PROBLEM REQUIREMENTS: Among the lines below, output only those between the line holding "Привожу обезличенную картинку" and the line holding "På Kenny Drews", inclusive, exactly as written and with no pictures.

INPUT DATA:
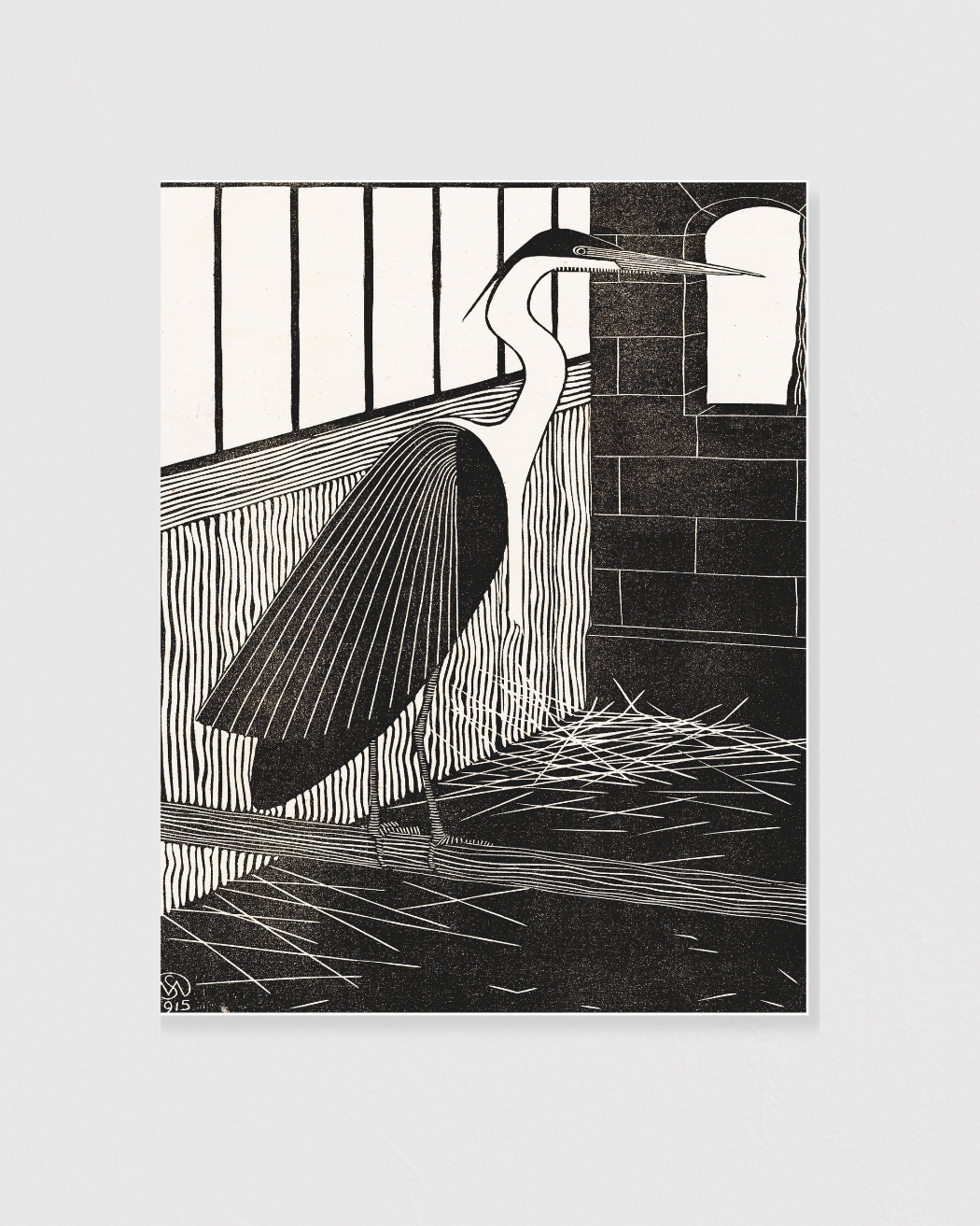 This captivating woodcut print presents a great heron in striking black-and-white contrast, its poised stance enhanced by precise linework and bold geometric patterns. De Mesquita’s unique artistic style transforms the bird’s graceful form into a mesmerizing composition, rich in texture and rhythm.
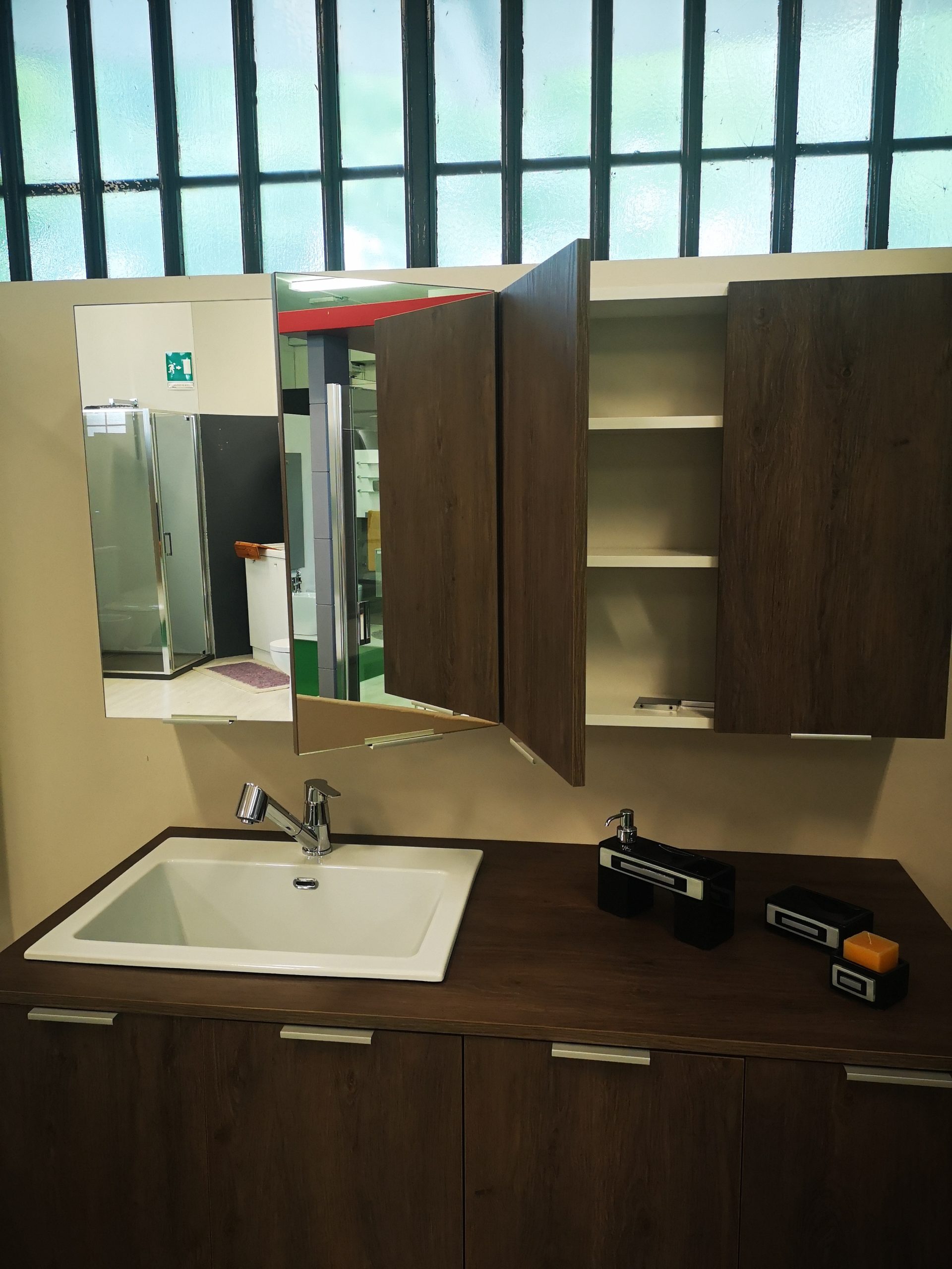 Pensili contenitori, 2 ante con specchio
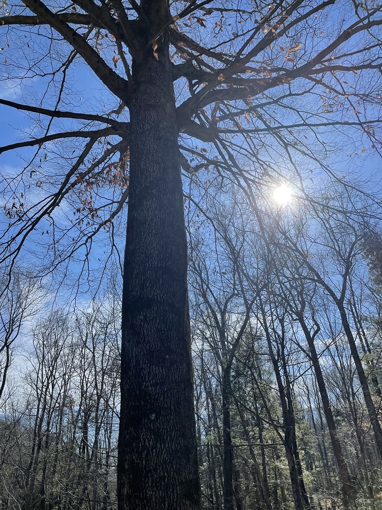my beloved beech tree without leaves with the sun gleaming through branches. Why wintertime is a favorite time for my beloved beech
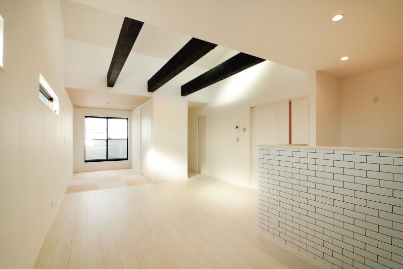 LDKの一部として使用できるよう、あえて扉を付けなかった和室。LDKからの横の広がりを感じつつ、子供の遊びスペースや家事スペースとしてマルチに使えます。
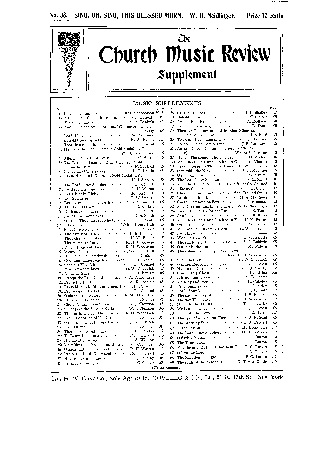 The Church Music Review Supplement No.38. New York: H.W. Gray (agent for Novello, Ewer and Co.), 1904.
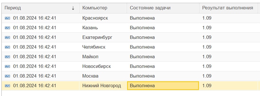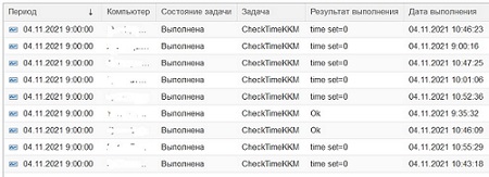 Привожу обезличенную картинку реальной работы. В колонке «Результат» — «Ок», если синхронизация не требовалась, «time set=0» — если была выполнена. Все результаты проверок и исправлений по каждому компьютеру будут в вашей базе 1С. Дата выполнения как видите везде разное, так как компьютеры были включены в это время. Вам не нужно беспокоиться включен компьютер сейчас или нет, есть у него сейчас интернет или какие-то проблемы.
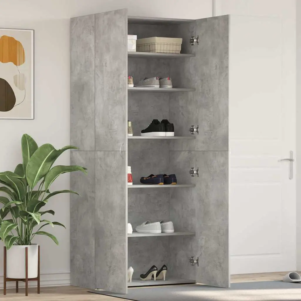 Vidaxl Shoe Cabinet With Shelf Gray 80 X 35.5 X 180 Cm Engineered Wood
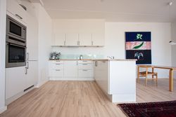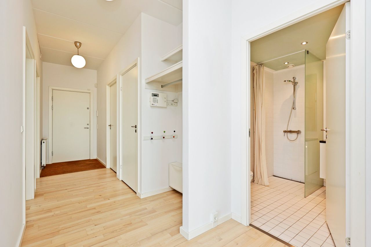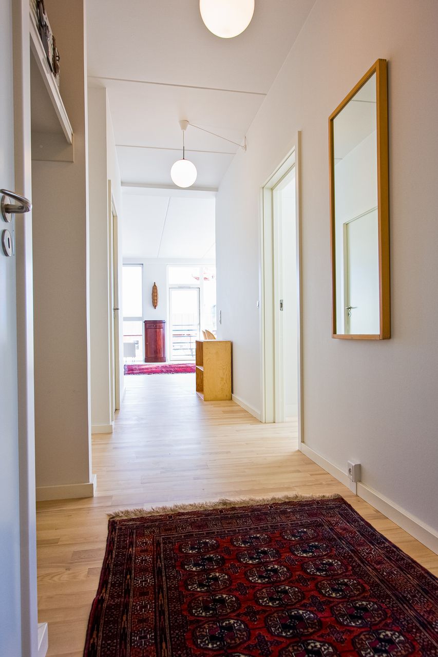 På Kenny Drews Vej 101 finder du en imponerende og særdeles veldisponeret lejlighed, hvor arkitektur, lys og udsigt spiller sammen på fornem vis. De høje og brede vinduespartier sætter scenen allerede ved første øjekast og giver et markant lysindfald, som løfter hele boligen og skaber en åben, eksklusiv atmosfære. Det store køkken alrum er boligens naturlige midtpunkt og indbyder til både hverdagsliv og større sammenkomster, mens de fire regulære soveværelser giver plads til familien, hjemmearbejdspladsen eller gæster uden kompromiser. Fra stuen er der direkte adgang til den rummelige altan, hvor solen kan nydes fra morgen til aften. Her får du en sjælden og betagende udsigt over Slusen og Amager Fælled, som giver en helt særlig følelse af luft, ro og nærhed til naturen. Planløsningen er knivskarp og uden spildplads, og via fordelingsgangen er der nem og overskuelig adgang til lejlighedens to badeværelser samt samtlige rum. En bolig, der både imponerer visuelt og fungerer perfekt i hverdagen.
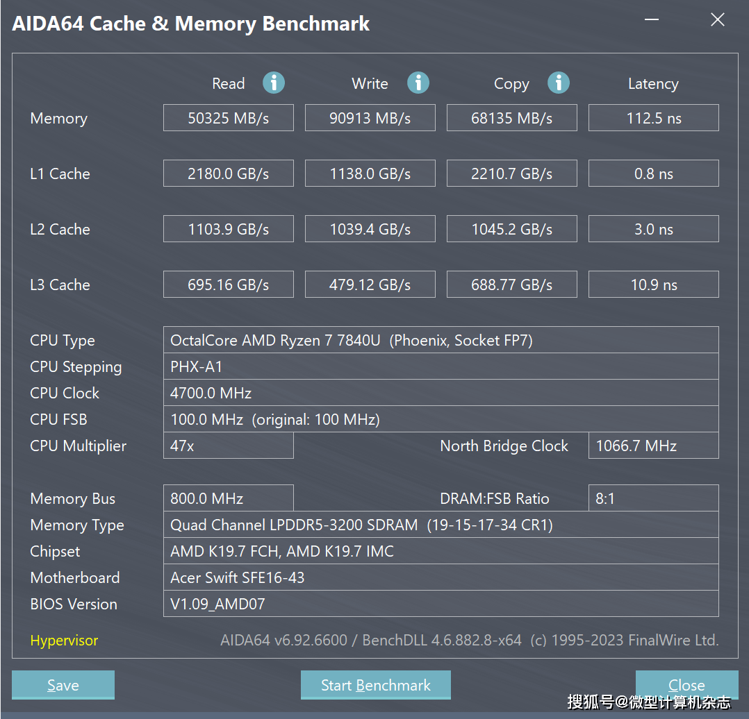 与处理器搭配的还有16GB LPDDR5 6400双通道内存以及512GB PCIe 4.0 SSD。在AIDA64软件的内存与缓存测试中,这台机器的内存读取速度达到50325MB/s,写入速度达到90913MB/s,延迟为112.5ns,表现不错。
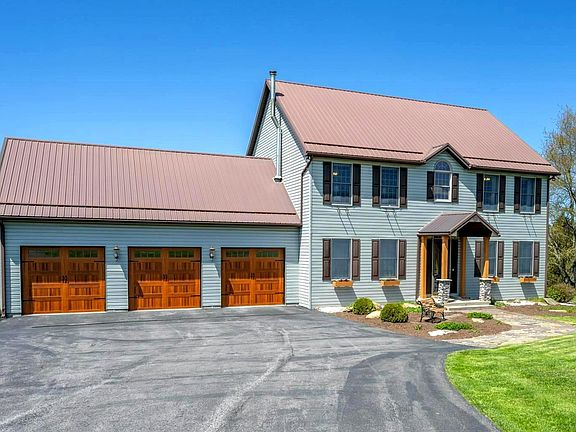 Views for miles on this 5.05 acre property with 4/5 BR Home, huge 3 car garage & shed. Main floor has office/BR with full bath, open kitchen/dinning, living room, laundry area, and bonus room for formal dining or bonus room. Main level boasts 10 foot ceilings, new modern kitchen with updated appliances, outside deck area off dinning and large foyer with 20 ft ceiling. Upstairs there are 4 BRs, with 2 full baths. The master Bedroom is huge with on-suite bath, tub and shower. Lower walk out level has wood burning stove and large recreation/living room. Utilities , extra fridge and storage on basement level. Central Air & Forced air propane heat. HOA pays for road maintenance and plowing. Open yard with plenty of space for gardening, or a horse? Call today for your private showing of the well maintained, updated traditional home!
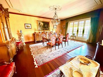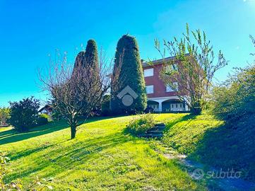 ROBASSOMERO: VILLA TRIFAMILIARE DI 650 MQ IMMERSA IN PARCO DI 2.700 MQ , PANORAMICA. La casa è composta dal primo appartamento (315 mq) al piano rialzato di ingresso salone doppio, cucina abitabile, disimpegni, tre camere, 2 bagni, ripostiglio, 2 balconi e terrazzo ; al piano primo altro appartamento (184 mq) di ingresso, ampio salone, cucina abitabile, 3 camere, bagno, 2 balconi e terrazzo; sempre al piano primo abbiamo il terzo appartamento (133 mq) di ingresso, salone, cucina abitabile, 2 camere, bagno, balcone. Al piano seminterrato di 350 mq, troviamo ampia taverna rifinita e munita di forno , braciere , cucina , cantina da vino , locali sgombero, lavanderia e autorimessa .
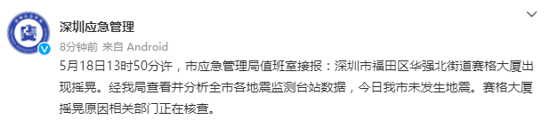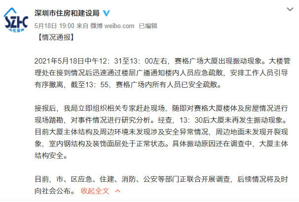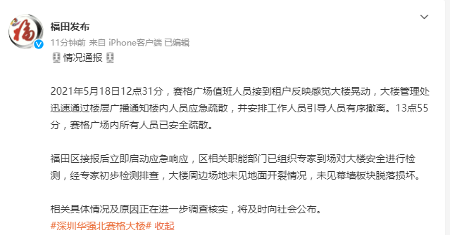 2021年5月18日18時許,深圳市福田區(qū)人民政府通報“深圳賽格大廈晃動事件”情況。
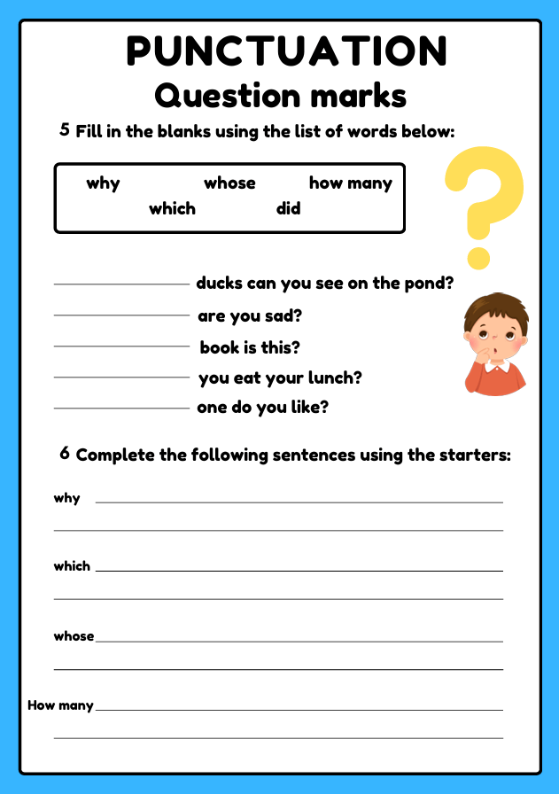 Question Words Worksheet for Kids (Ages 6–8) | Who, What, Why & Lots More!

COMPLETED EXERCISE:
 Привожу обезличенную картинку реальной работы. В колонке «Результат» — «Ок», если синхронизация не требовалась, «time set=0» — если была выполнена. Все результаты проверок и исправлений по каждому компьютеру будут в вашей базе 1С. Дата выполнения как видите везде разное, так как компьютеры были включены в это время. Вам не нужно беспокоиться включен компьютер сейчас или нет, есть у него сейчас интернет или какие-то проблемы.
 Vidaxl Shoe Cabinet With Shelf Gray 80 X 35.5 X 180 Cm Engineered Wood
 På Kenny Drews Vej 101 finder du en imponerende og særdeles veldisponeret lejlighed, hvor arkitektur, lys og udsigt spiller sammen på fornem vis. De høje og brede vinduespartier sætter scenen allerede ved første øjekast og giver et markant lysindfald, som løfter hele boligen og skaber en åben, eksklusiv atmosfære. Det store køkken alrum er boligens naturlige midtpunkt og indbyder til både hverdagsliv og større sammenkomster, mens de fire regulære soveværelser giver plads til familien, hjemmearbejdspladsen eller gæster uden kompromiser. Fra stuen er der direkte adgang til den rummelige altan, hvor solen kan nydes fra morgen til aften. Her får du en sjælden og betagende udsigt over Slusen og Amager Fælled, som giver en helt særlig følelse af luft, ro og nærhed til naturen. Planløsningen er knivskarp og uden spildplads, og via fordelingsgangen er der nem og overskuelig adgang til lejlighedens to badeværelser samt samtlige rum. En bolig, der både imponerer visuelt og fungerer perfekt i hverdagen.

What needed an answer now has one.